When I open the door to Hen’s room, to our room, she’s lying in bed. She stands but doesn’t say anything. She closes the door behind me, then takes my hand and leads me to the bed. She takes off my shirt and lets it drop to the floor. She pulls my shorts down. She lays me down on the bed. She removes her shirt and then her shorts. She pushes her underwear down and lets it fall around her ankles, stepping out of it.

She comes onto the bed with me. She gets on top of me, straddling me. She puts her hand between her legs and guides herself onto me. She leans down, grabs my wrists, directing my hands, putting them on her back. I try to touch her face, but she pushes my hands back to where she’d placed them. She leans forward, resting her head on the mattress, to the right of mine. She puts her hands flat against the wall above the bed. She’s moaning. I am, too.

We stay like this until she’s done and rolls off, breathing heavily. We haven’t kissed.

She’s lying on her back, looking at the ceiling.

“Why do people stay together?” she asks a few minutes later.

In long-term relationships? I ask.

“In marriages,” she says.

Because they love each other, I say. They’re committed to each other. They depend on each other. There’s comfort there, security.

“No. They stay together because it’s expected, because it’s what they know. They try to make it work, to endure it, and end up living under some kind of spiritual anesthetic. They go on, but they are numb. And the more I think about, the more I think there’s nothing worse than to live your life this way. Detached, but abiding. It’s immoral.”

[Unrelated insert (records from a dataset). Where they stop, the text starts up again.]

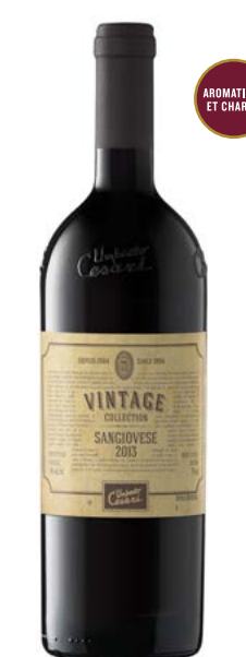
VINTAGE COLLECTION SANGIOVESE RISERVA (DOC) 100 % Sangiovese
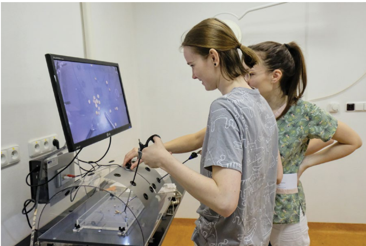
Podpora výuky endoskopie a zobrazovací diagnostiky

V roce 2022 se plnění priority zaměřilo na zpracování kariérního řádu na univerzitě.
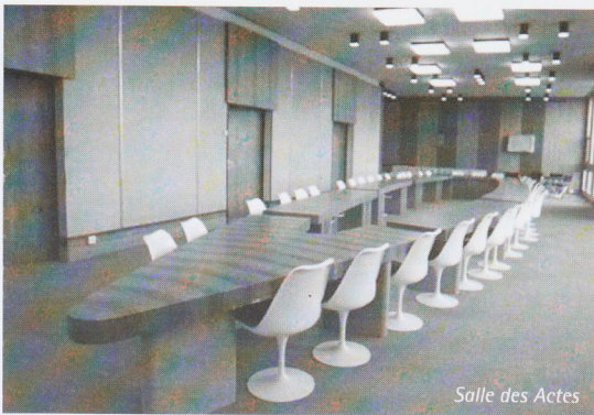
Salle des Actes

Il assure la liaison entre l'enseignement et la recherche, notamment au niveau du 3 ème cycle.
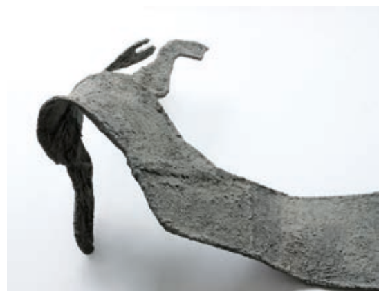
NÉMETH ÁGNES: Eleven árnyék , 2018–2019, gömbacél, juta, színes föld
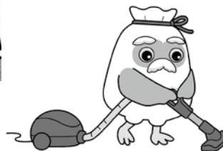
家事援助サービス 掃除・洗濯・買物等
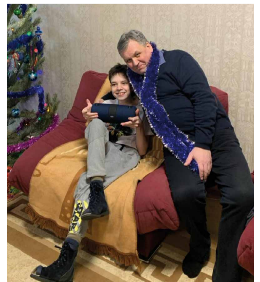
... фанатам и газавикам
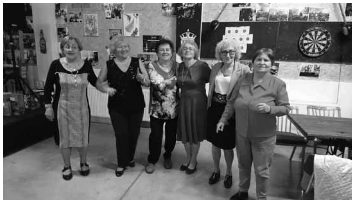
Veselé Živeniarky v Spojári

Pozvala všetkých aj na slávnostné vyhodnotenie ankety Žena mesta Banská Štiavnica, ktoré bude 28.6.2019 v hoteli Grand a tiež na slávnostný galaprogram /do nového
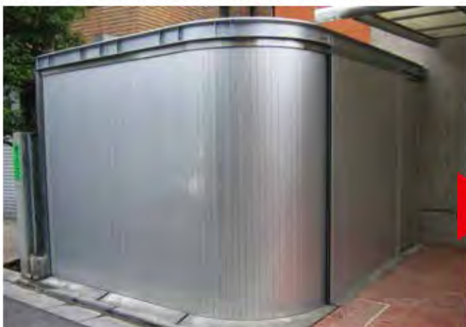
W3,100×H2,200 アルミ製(シルバー) 電動式、片引き、BOX型、曲げR=600
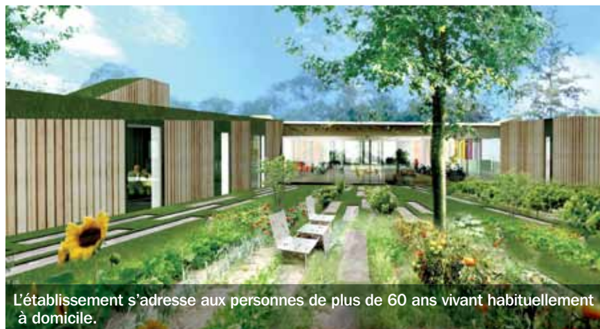
L'établissement s'adresse aux personnes de plus de 60 ans vivant habituellement à domicile.
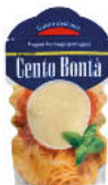
BIRAGHI GRATTUGIATO CENTO BONTÀ 100 GR
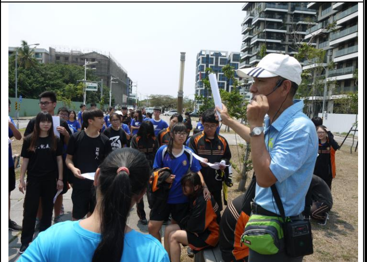
說明：街道名稱由來介紹
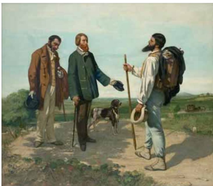
La Rencontre ou Bonjour Monsieur Courbet 1854 Huile sur toile, 1,32x1,50 m Musée Fabre de Montpellier Agglomération, 868.1.23

bâton de pèlerin à la main. Il célèbre ainsi la liberté de l'artiste voyageur indépendant et la mission supérieure dont il se sent investi, la défense du réalisme. Face à lui l'élégant Bruyas accompagné de son valet illustre parfaitement le grand bourgeois de province accueillant l'artiste d'une révérence. Le tableau incarne ainsi le lien qui unit les deux hommes : Bruyas a besoin du peintre dont il admire les qualités pour réaliser les œuvres qu'il a en projet, Courbet a besoin du soutien financier et amical du collectionneur, homme de goût fortuné. « J'ai raison, j'ai raison ! Je vous ai rencontré. C'était inévitable, car ce ne sont pas nous qui nous sommes rencontrés, ce sont nos solutions » dira Courbet dans une de ses lettres à son ami, annonçant le programme de l'œuvre. Jalon incontournable de la peinture française du XIX e siècle, La Rencontre ouvre la voie de l'impressionnisme grâce à sa palette claire et colorée. Sa modernité réside également dans l'élévation d'un fait divers, intime, au rang de la peinture historique, poursuivant ainsi le travail de renversement des hiérarchies établies commencé avec l'Après-dînée à Ornans .
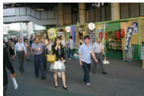
今回は施設内の見学もしました。
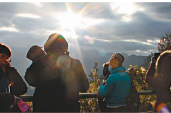
■2012年阿里山第一道曙光因厚雲而姍姍來遲。中央社

據中央社1日電 阿里山清晨氣溫只有攝氏2、3度左右，冷冽寒風擋不住1萬7000多名民眾，迎接2012年曙光的熱情，摸黑登上海拔2600公尺高的阿里山「對高岳觀日台」。其中不少更是一夜沒睡，參加完山下跨年晚會就上山的朋友，他們一致的希望就是要看到日出，感受日出之美。
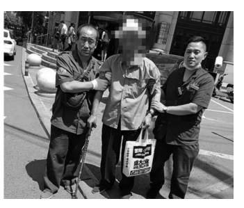
急救人员第一时间帮忙联系老人儿女,并在电话中征求家属意见,将老人送至指定医院...
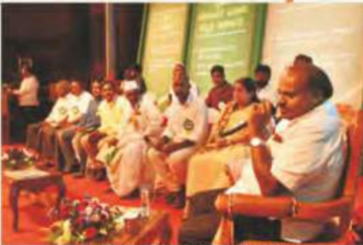
ಬೀದರ್‌ನಲ್ಲಿ ನಡೆದ 'ರೈತ ಸ್ವಂದನ'ದಲ್ಲಿ ಮುಖ್ಯಮಂತ್ರಿಗಳು

ಕಬ್ಬು ಬೆಳೆಗಾರರ ಸಮಸ್ಯೆ ಬಗೆಹರಿಸಿದ ಸರಕಾರ ಸಕ್ಕರೆ ಉತ್ಪಾದನೆಯಲ್ಲಿ ದೇಶದಲ್ಲೇ 3 ನೇ ಸ್ಥಾನದಲ್ಲಿರುವ ರಾಜ್ಯದಲ್ಲಿ ಸುಮಾರು 5.20 ಲಕ್ಷ ಹೆಕ್ಟೇರ್ ಪ್ರದೇಶದಲ್ಲಿ ವಾರ್ಷಿಕ ಅಂದಾಜು 409 ಲಕ್ಷ ಟನ್ ಕಬ್ಬು ಉತ್ಪಾದನೆಯಾಗುತ್ತಿದೆ. ಪ್ರಮುಖ ವಾಣಿಜ್ಯ ಬೆಳೆಯಾದ ಕಬ್ಬು ಒಂಬತ್ತು ಜಿಲ್ಲೆಗಳ ಲಕ್ಷಾಂತರ ಕುಟುಂಬಗಳ ನಿರ್ವಹಣೆಗೆ ಆರ್ಥಿಕ ಆಸರೆಯಾಗಿದೆ. ಸಕ್ಕರೆ ಬೆಲೆ ಕುಸಿತ ಮತ್ತಿತರ ಕಾರಣ ನೀಡಿ ಸಕ್ಕರೆ ಕಾರ್ಖಾನೆಗಳು ಸಮರ್ಪಕ ಬೆಲೆ ಕೊಡದೆ ಕೈಕೊಟ್ಟರೆ ಈ ರೈತ ಕುಟುಂಬಗಳ ಬದುಕು ಆತಂತ್ರ. ಪ್ರತಿ ವರ್ಷ ಕಬ್ಬು ಹಂಗಾಮು ಆರಂಭದಲ್ಲಿ ನಡೆಯುವ ಸಕ್ಕರೆ ಕಾರ್ಖಾನೆ ಮಾರ್ಲೀಕರು ಮತ್ತು ಕಬ್ಬು ಬೆಳೆಗಾರರ ನಡುವಿನ ಜಟಾಪಟ ಈ ಬಾರಿ ಇನ್ನಷ್ಟು ತೀವ್ರವಾಗಿಯೇ ಇತ್ತು. ನ್ಯಾಯಯುತ ಬೇಡಿಕೆ ಈಡೇರಿಕೆಗೆ ಸರಕಾರ ಮಧ್ಯ ಪ್ರವೇಶ ಮಾಡಬೇಕೆಂದು ಕೋರಿದ ಕಬ್ಬು ಬೆಳೆಗಾರರ ನೆರವಿಗೆ ಧಾವಿಸಿದ ಮುಖ್ಯಮಂತ್ರಿ ಎಚ್.ಡಿ.ಕುಮಾರಸ್ವಾಮಿ ನೇತೃತ್ವದ
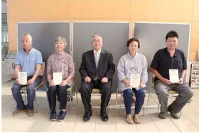
新たにご協力いただける農家さんたち

「農のある暮らし」について興味がある移住検討者などを対象に、地域のお世話人が小高区での暮らしぶりをお伝えします◎
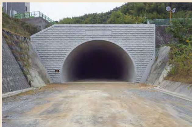
■一般国道317号(青影バイパス) 道路改良工事(仮称)新青影トンネル
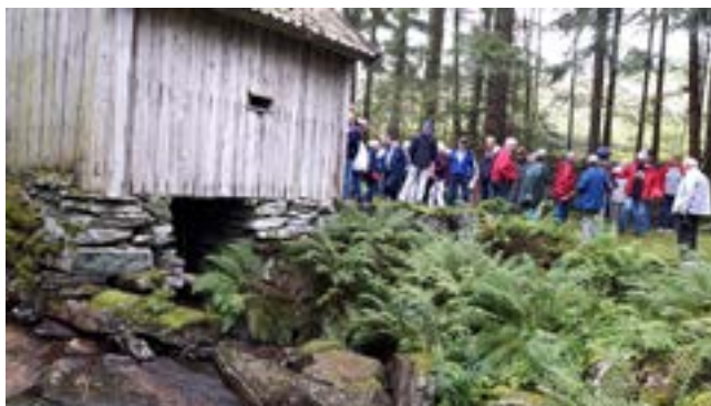
Utflykt. Hembygdsföreningens resenärer vid Ekarebo kvarn i Istorp. Som mest fanns det 37 kvarnar i Istorp.
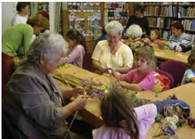
Készülnek az alkotások
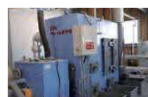
㉒ペレットボイラー(H29) 49.9万kcal @江刈小学校
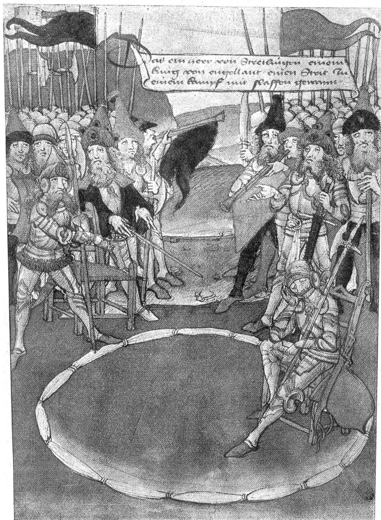
Der schlafende Ritter von Strättligen. Aus dem Spiezer-Schilling. Der Ritter hätte einen schweren Zweikampf bestehen sollen, versiel aber dabei in einen merkwürdigen Schlafzustand, so daß selbst dem unerschrockenen Gegner darüber graute und sich deswegen ohne Kampf für besiegt erklärte.

beim obern Tor), aus dem dann das große und später das Burgerspital hervorging. 1255 kamen die Franziskaner oder Barfüßer nach Bern und bauten sich Kloster und Kirche ungefähr beim Kasino. Wo heut manch Becher von froher Studentenschar gelupft wird (in der Wirtschaft zum Klösterli beim Bärengraben), da hatte bis gegen Ende des 13. Jahrhunderts eine Schwesternkongregation der Barfüßer, die Schwestern an der Brügg, ihr Heim. Dieses war armelig genug, gewährte aber doch den ärmsten Bettlern Aufnahme. Später wurde auf diesem Platz das niedere Spital gebaut, das bei der Bürgerschaft in großer Gunst stand, was sich aus der großen Zahl von Vergabungen ersehen läßt. Hart an der alten Stadtmauer hatten sich im 13. Jahrhundert auf eine Einladung der Stadt hin die Dominikaner angesiedelt. Es ist das Gebiet, auf dem die französische Kirche und die Feuerwehrawache stehen, ganz respectable Anlagen. Bei den Dominikanern abzustiegen, verächteten selbst Kaiser und Päpste nicht. Es galt als Ehre, unter dem Schutz der Dominikaner zu stehen. Ganz angesehene Schwesternkongregationen beschäftigten sich mit der Fürsorge für Arme, so vor allem die Inselfchwester. Woher wohl dieser Name? Zwischen Eisenbahn- und Kornhausbrücke war früher ein kleines Inselfchen, auf dem sich fromme Schwestern unter dem Schutze der Prediger angesiedelt hatten. Dieses Klösterchen
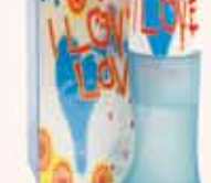
Moschino I Love Love
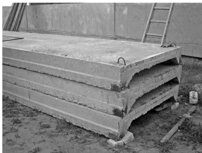
Объект: МТФ Ходоровцы. ПМК-170

Несвоевременно заделываются бетоном колонны в фундаментных стаканах
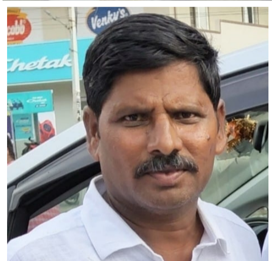
సకాలంలో విడుదల కాకపోవడం వలన 108
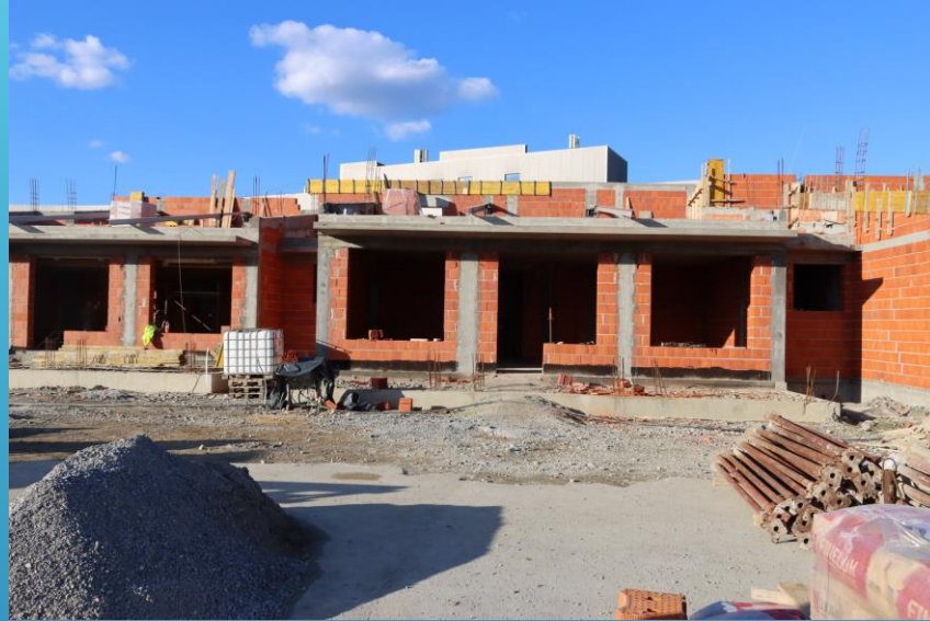
DV Rutvica, Jelas
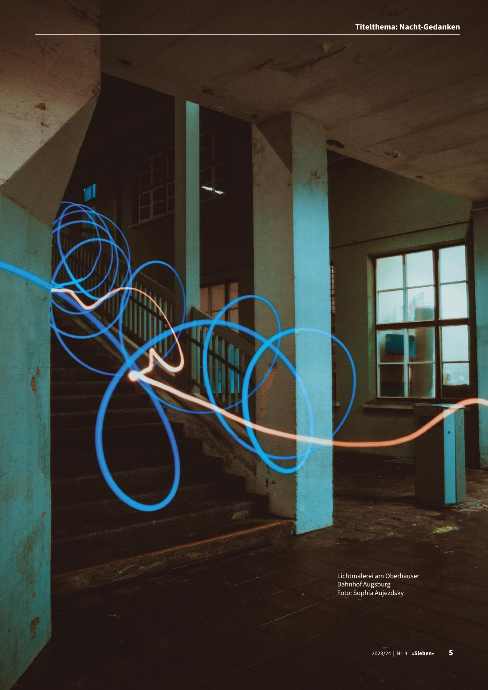
Lichtmalerei am Oberhauser Bahnhof Augsburg
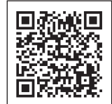
事前予約はこちらから

問合せ クリーン推進課 TEL 047(451)1793 習志野市芝園3-2-1(新習志野駅南側、県道千葉・船橋海浜線沿いの海側)
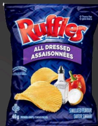
RUFFLES ASSAISONNÉES 48X40G
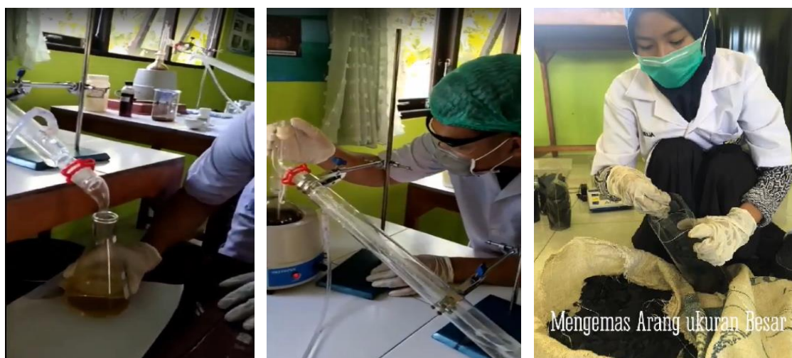
Gambar 5. Praktik Pemurnian asap cair dan pengemasan arang

Selanjutnya juga dilakukan pemisahan tar dan zat pengotor lain dalam asap cair yang diperoleh dengan metode distilasi (redistilasi) yang selama ini diajarkan dan dijadikan salah satu materi praktikum. Asap cair yang diperoleh juga dianalisis secara sederhana derajat keasamannya dengan indicator universal dan kadar asam total dengan metode titrasi (Gambar 5). Dengan demikian praktikum produksi asap cair dan arang ini merupakan praktikum tematik yang mencakup banyak muatan pembelajaran kimia dan industri sehingga keberlanjutan dan pengembangannya sangat direkomendasikan untuk proses pembelajaran di Program Studi Kimia Industri di SMKN 3 khususnya dan sekolah lain yang bersesuaian.
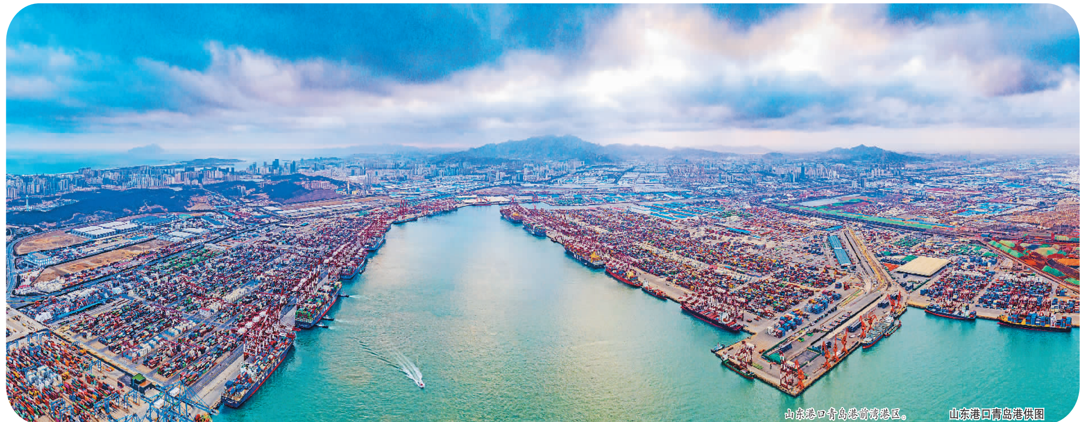
山东港口青岛港前湾港区。

已跑赢上半场的青岛，正在发力后半程。青岛外贸就像一艘远航的巨轮，在高质量发展的航道上乘风破浪，驶出新篇章。
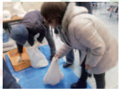
【土嚢詰め体験】石などを土嚢袋に詰めました。

津波で汚れた写真の洗浄・デジタル化を受け付けております。直接、写真をお持ち下さい。また、デジタル化希望の方は、受け取りの際にSDカードまたは、USBをお持ち下さい。 ※申込が多数の場合は、返却までにお時間がかかりますので、ご了承下さい。 写真は、思い出写真展にて、随時展示しています。
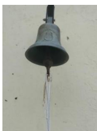
Campana de la EP 1 de Brandsen (igual a la de nuestra búsqueda)

I’m not numb, I think. I’m not detached.

Marriage is hard, I say. Living with another person for years takes work and effort. You can’t just give up when things are hard.

She rolls onto her side.

“I know you think what you’re saying makes sense. And it might in theory. But I’m not talking about giving up when things are hard. I’m talking about forced survival when things are rotten.”

When things are rotten, I repeat in my mind.

I hope you’re not suggesting things are rotten between us, I say. I really hope not. Look at what we just did. You enjoyed that, didn’t you?

She touches my arm.

“You don’t have to worry about that. It was fine. It served its purpose.”

Hen, these last few days I’ve been feeling something real for you. Something new and incredible. I can’t describe it.

She places her hand on my stomach.

“Try,” she says. “What does it feel like?”

There are so many things, Hen, so many things—objects, stuff, and so many people. Just think about the canola fields and all those flowers and everything living in there. The grain at the mill. And think about the city and everything there, the stores and apartments and vehicles. Think about all the screens people have. For almost everything, any object you can think of, there are too many. There’s only one you, and it’s miraculous.

She doesn’t say anything but moves over closer to me, putting her arm around my waist. She leans in and kisses my bare chest. She stays like this, nestled into my side. I close my eyes. I want to remember this when I’m gone.

“I had a nightmare last night,” she says several minutes later. “It felt so real. This one was especially bad. I was terrified right from the start. I knew it was a dream. I was lucid dreaming, I could do whatever I wanted, I could control it, supposedly. But that didn’t make it any better. I was in this big room. I could see all the walls, I was aware of its size, but I also knew the space went on forever. The space was limitless, but I couldn’t go anywhere else.”

That sounds awful, I say.

“And the worst part—I want you to understand this—I wasn’t alone. That’s the worst part: I wasn’t alone.”